## About this task
Here are some records; quote them exactly, leaving out the pictures.

Top of Records provided

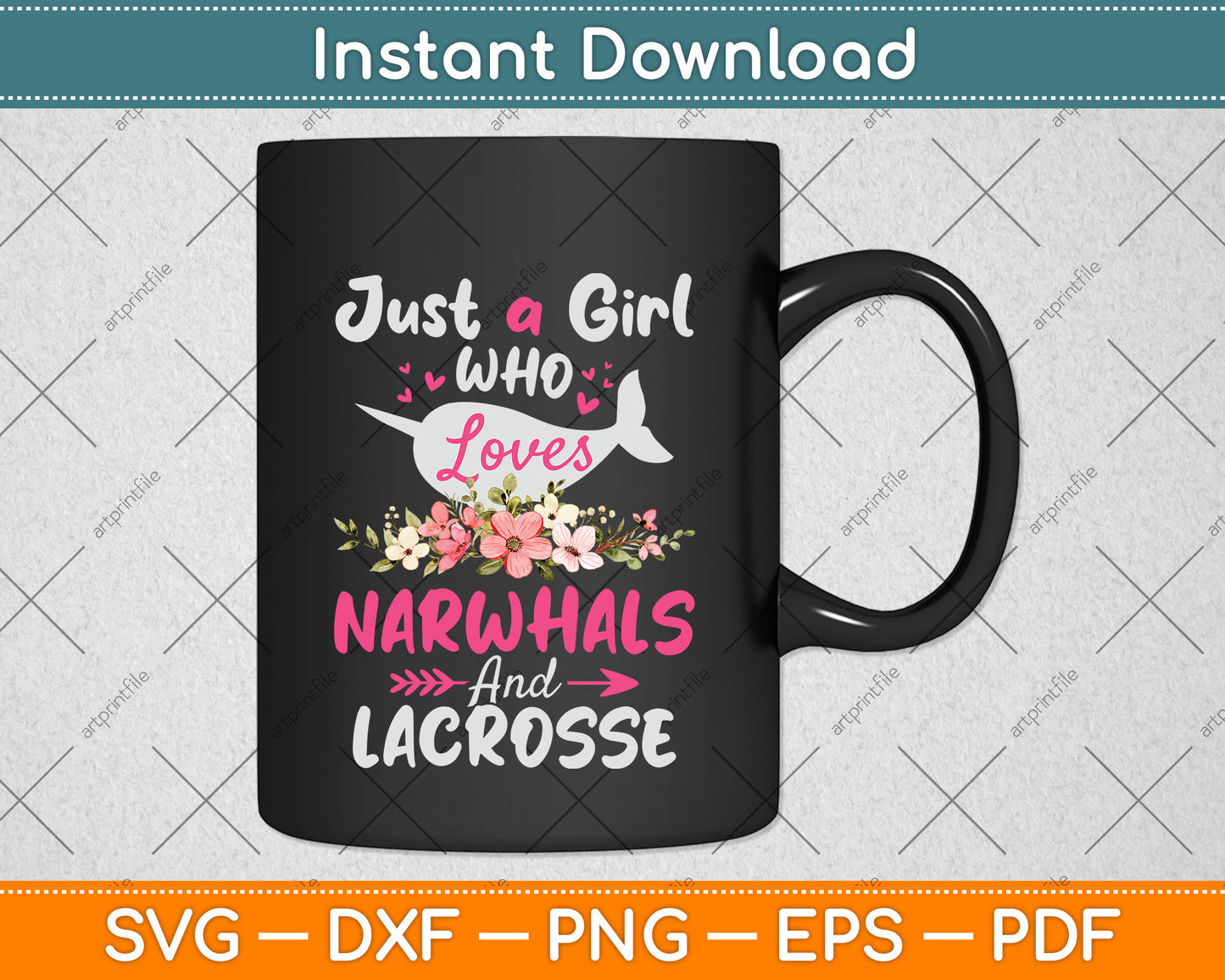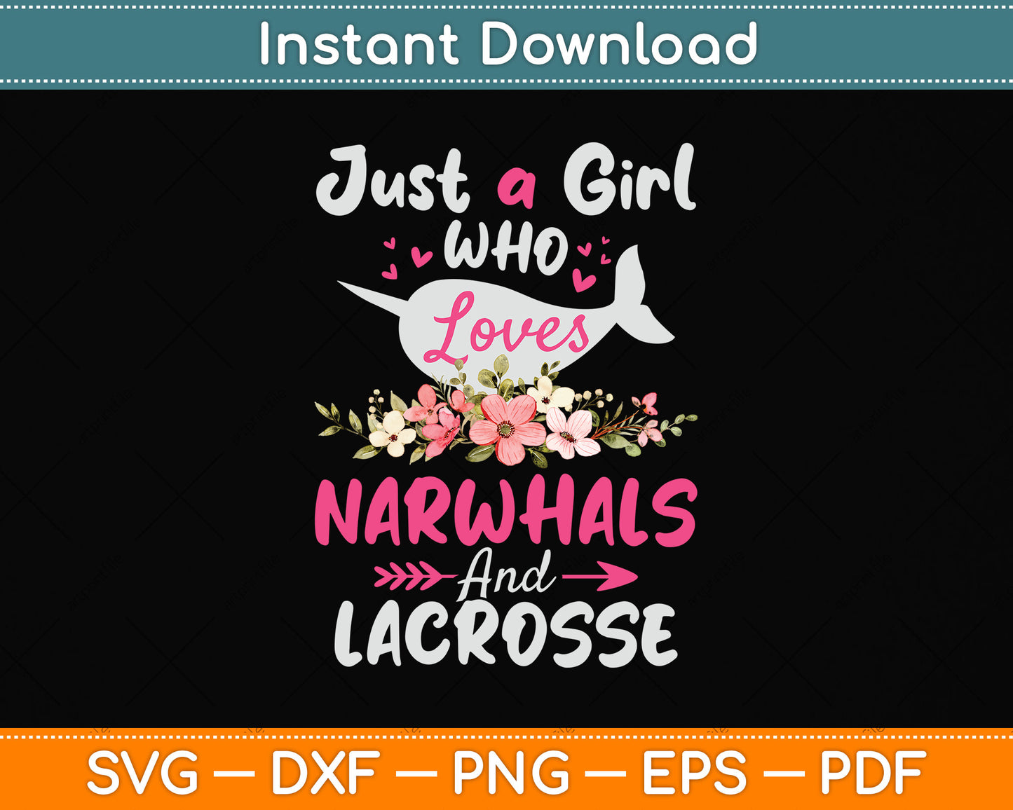 This cut file includes Just A Girl Who Loves Narwhals And Lacrosse SVG DXF PNG Design Digital Cutting files.
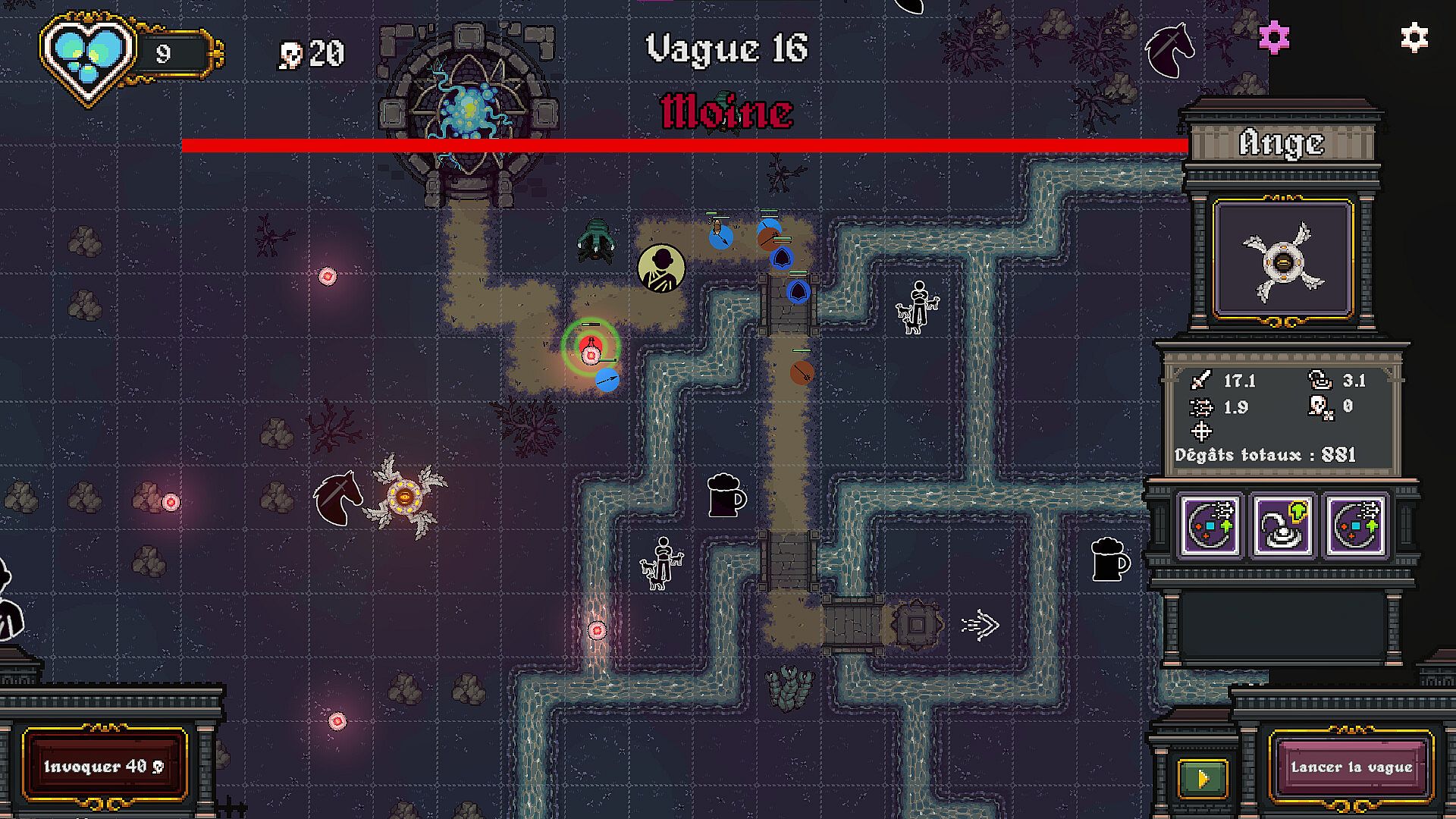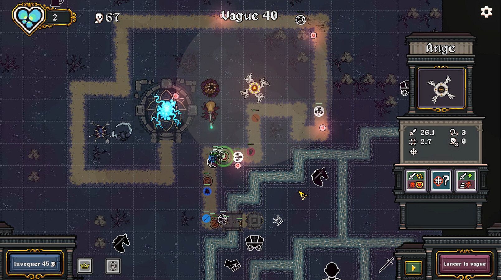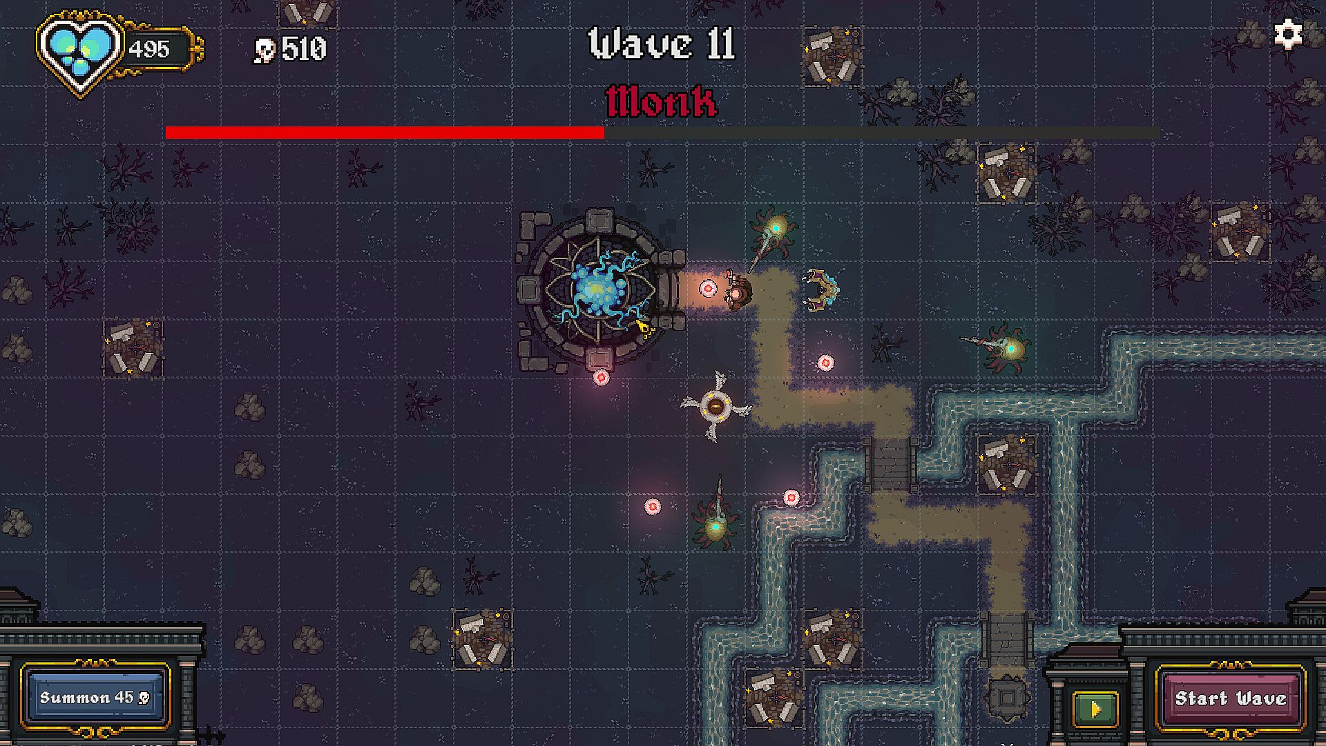 Summoning involves offering souls to draft three unique defenders, each equipped with a random blessing that defines their abilities. From these, one is chosen to deploy on the battlefield. Upgrading comes through sacrifice, where players can transfer a blessing from one defender to another, building stronger units over time.
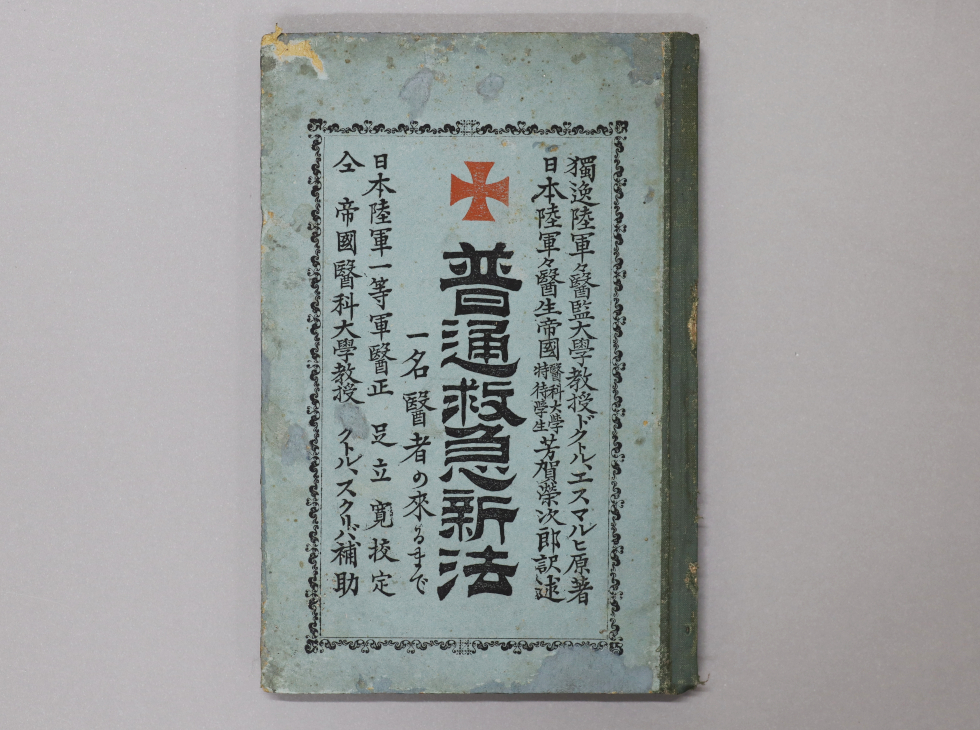 1887(明治20)年、帝国大学医学生の芳賀栄次郎がエスマルヒの著書を日本語に訳した『普通救急新法』が出版され、日本赤十字社に大きな影響を与えます。
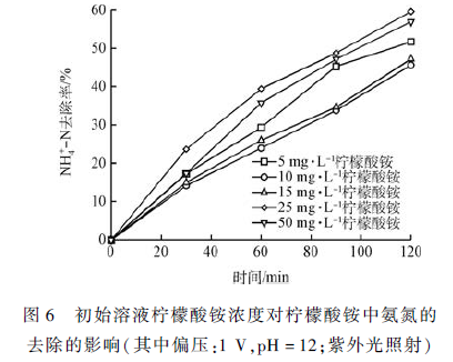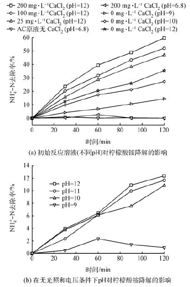 2)光電降解檸檬酸銨主要是由于光電協(xié)同作用將其中氨氮降解。檸檬酸銨必須在堿性條件下游離出來,Ca2 + 起到了加速破絡合作用。
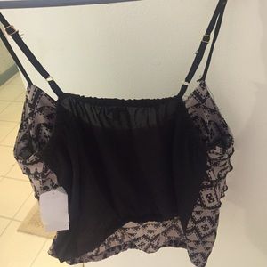 Its a really cute pink and black crop top with ruffles on the top. Super flexible on prices.
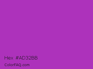 Hex #ad32bb Color is a normal magenta color and the nearest color is Dark Orchid #9932cc. Hex code #ad32bb and RGB value is rgb(173,50,187). In RGB color space, this color is composed of 68% red, 20% green, 73% blue, In CMYK color space, this color is composed of 7% cyan, 73% magenta, 0% yellow , 27% black , In HSL color space, this color has a hue angle of 294° , 58% saturation and 46% lightness.
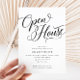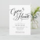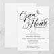 Modern skriptblomning, svart öppen husfest inbjudningar
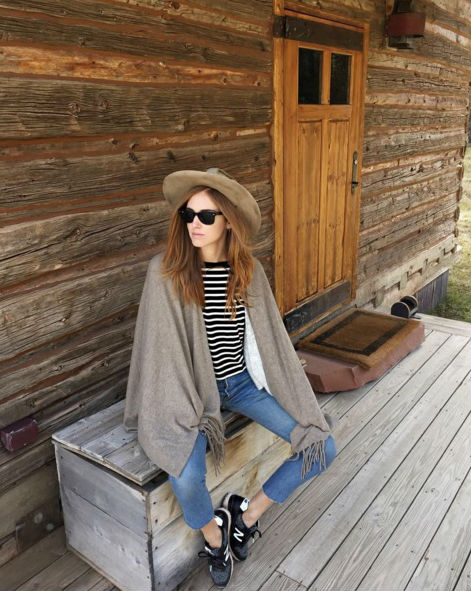 Chiara Ferragni apuesta por un look entre lo rústico y Sporty Chic, la It Girl sabe muy bien cómo unir prendas inspiradas en estilos totalmente opuestos. Un maxi poncho con flecos en el bajo dota al outfit de toque folk, la camiseta de rayas Bretón destila allure francés y las deportivas de New Balance aportan ese glamour deportivo que tanto nos gusta. El sombrero termina de rematar un look comfy y de lo más casual.
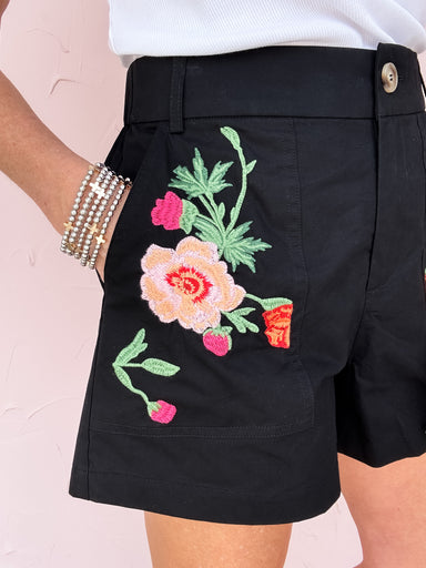 The Floral Affair Shorts are bringing a little drama in the best way. These black cotton shorts feature vibrant embroidered florals on the front pa...
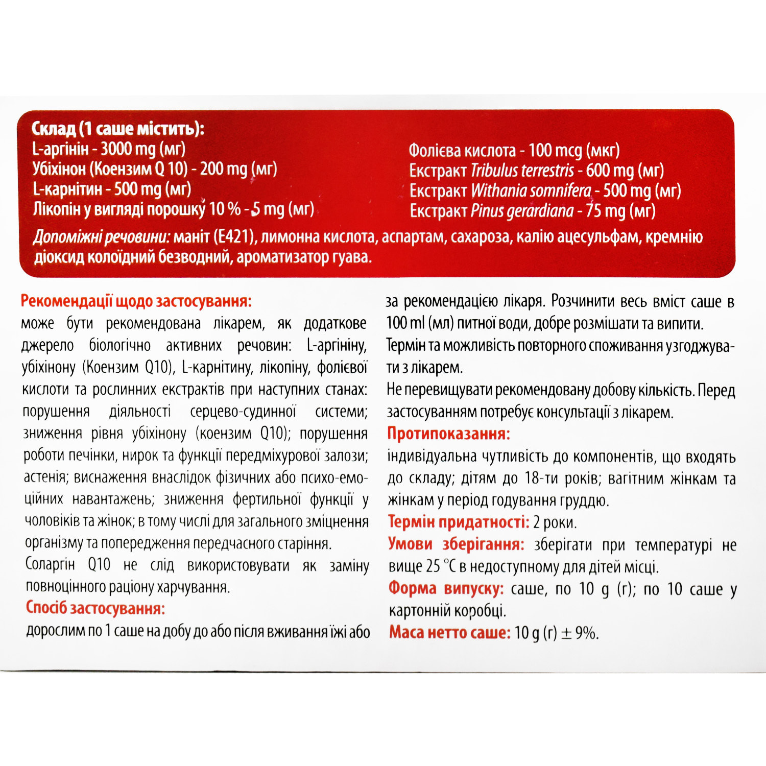 Соларгін Q10 порошок в саше для підтримки серцево-судинної системи, покращення роботи печінки, нирок та передміхурової залози, 10 шт
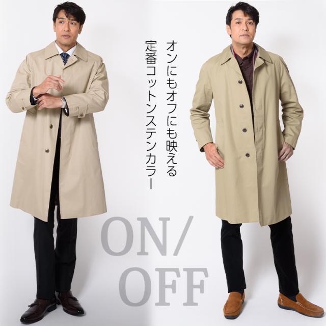 コート メンズ ビジネス 秋冬春 着脱式ライナー付き コットン ステンカラーコート ロングコート スリーシーズン ビジネスコート ハーフコート【秋冬】送料無料
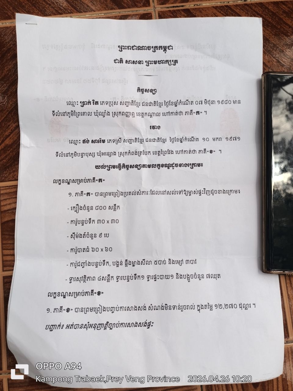 ស្ត្រីរងគ្រោះឈ្មោះ ផង់ សារ៉េម អាយុ ៥៦ឆ្នាំ បានចុះកិច្ចសន្យាម៉ៅសាងសង់ផ្ទះថ្មទំហំ ៦ម៉ែត្រ គុណ ៩ម៉ែត្រ ក្នុងតម្លៃ ១៣,០០០ដុល្លារ ប្រភេទ «ម៉ៅដាច់ កាន់សោចូលនៅ» នៅភូមិបន្ទាបុស្ស ឃុំអន្សោង ស្រុកកំពង់ត្របែក ខេត្តព្រៃវែង។ ប៉ុន្តែក្រោយបង់ប្រាក់អស់ដល់ ១២,២០០ដុល្លារ សំណង់ទើបសម្រេចបានប្រមាណ ៤០ភាគរយ ប៉ុណ្ណោះ។
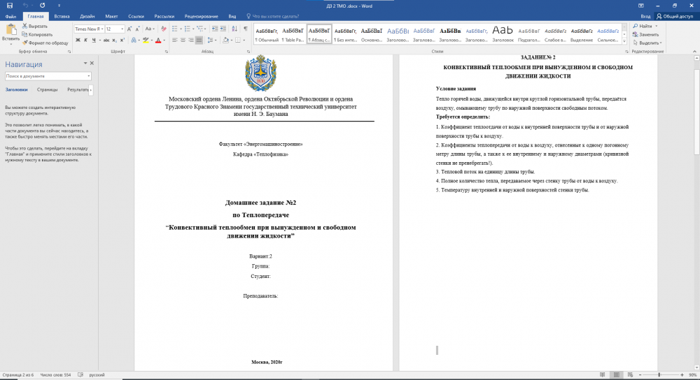 ТМО ДЗ2 - Конвективный теплообмен при вынужденном и свободном движении жидкости
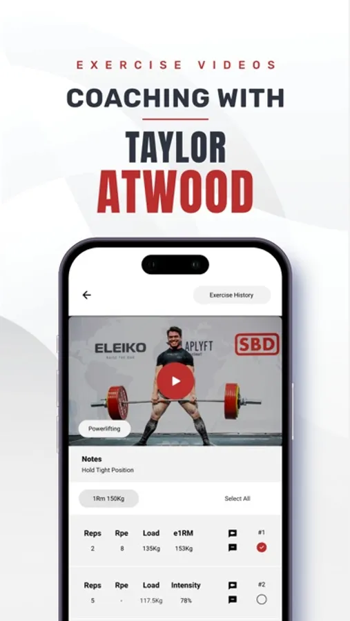 The app is designed by 3x World Champion Powerlifter & All-Time World Record Holder Taylor Atwood, and his Coach, Jason Tremblay.

Bottom of Records provided

## Response
 This cut file includes Just A Girl Who Loves Narwhals And Lacrosse SVG DXF PNG Design Digital Cutting files.
 Summoning involves offering souls to draft three unique defenders, each equipped with a random blessing that defines their abilities. From these, one is chosen to deploy on the battlefield. Upgrading comes through sacrifice, where players can transfer a blessing from one defender to another, building stronger units over time.
 1887(明治20)年、帝国大学医学生の芳賀栄次郎がエスマルヒの著書を日本語に訳した『普通救急新法』が出版され、日本赤十字社に大きな影響を与えます。
 2)光電降解檸檬酸銨主要是由于光電協(xié)同作用將其中氨氮降解。檸檬酸銨必須在堿性條件下游離出來,Ca2 + 起到了加速破絡合作用。
 Its a really cute pink and black crop top with ruffles on the top. Super flexible on prices.
 Hex #ad32bb Color is a normal magenta color and the nearest color is Dark Orchid #9932cc. Hex code #ad32bb and RGB value is rgb(173,50,187). In RGB color space, this color is composed of 68% red, 20% green, 73% blue, In CMYK color space, this color is composed of 7% cyan, 73% magenta, 0% yellow , 27% black , In HSL color space, this color has a hue angle of 294° , 58% saturation and 46% lightness.
 Modern skriptblomning, svart öppen husfest inbjudningar
 Chiara Ferragni apuesta por un look entre lo rústico y Sporty Chic, la It Girl sabe muy bien cómo unir prendas inspiradas en estilos totalmente opuestos. Un maxi poncho con flecos en el bajo dota al outfit de toque folk, la camiseta de rayas Bretón destila allure francés y las deportivas de New Balance aportan ese glamour deportivo que tanto nos gusta. El sombrero termina de rematar un look comfy y de lo más casual.
 The Floral Affair Shorts are bringing a little drama in the best way. These black cotton shorts feature vibrant embroidered florals on the front pa...
 Соларгін Q10 порошок в саше для підтримки серцево-судинної системи, покращення роботи печінки, нирок та передміхурової залози, 10 шт
 コート メンズ ビジネス 秋冬春 着脱式ライナー付き コットン ステンカラーコート ロングコート スリーシーズン ビジネスコート ハーフコート【秋冬】送料無料
 ស្ត្រីរងគ្រោះឈ្មោះ ផង់ សារ៉េម អាយុ ៥៦ឆ្នាំ បានចុះកិច្ចសន្យាម៉ៅសាងសង់ផ្ទះថ្មទំហំ ៦ម៉ែត្រ គុណ ៩ម៉ែត្រ ក្នុងតម្លៃ ១៣,០០០ដុល្លារ ប្រភេទ «ម៉ៅដាច់ កាន់សោចូលនៅ» នៅភូមិបន្ទាបុស្ស ឃុំអន្សោង ស្រុកកំពង់ត្របែក ខេត្តព្រៃវែង។ ប៉ុន្តែក្រោយបង់ប្រាក់អស់ដល់ ១២,២០០ដុល្លារ សំណង់ទើបសម្រេចបានប្រមាណ ៤០ភាគរយ ប៉ុណ្ណោះ។
 ТМО ДЗ2 - Конвективный теплообмен при вынужденном и свободном движении жидкости
 The app is designed by 3x World Champion Powerlifter & All-Time World Record Holder Taylor Atwood, and his Coach, Jason Tremblay.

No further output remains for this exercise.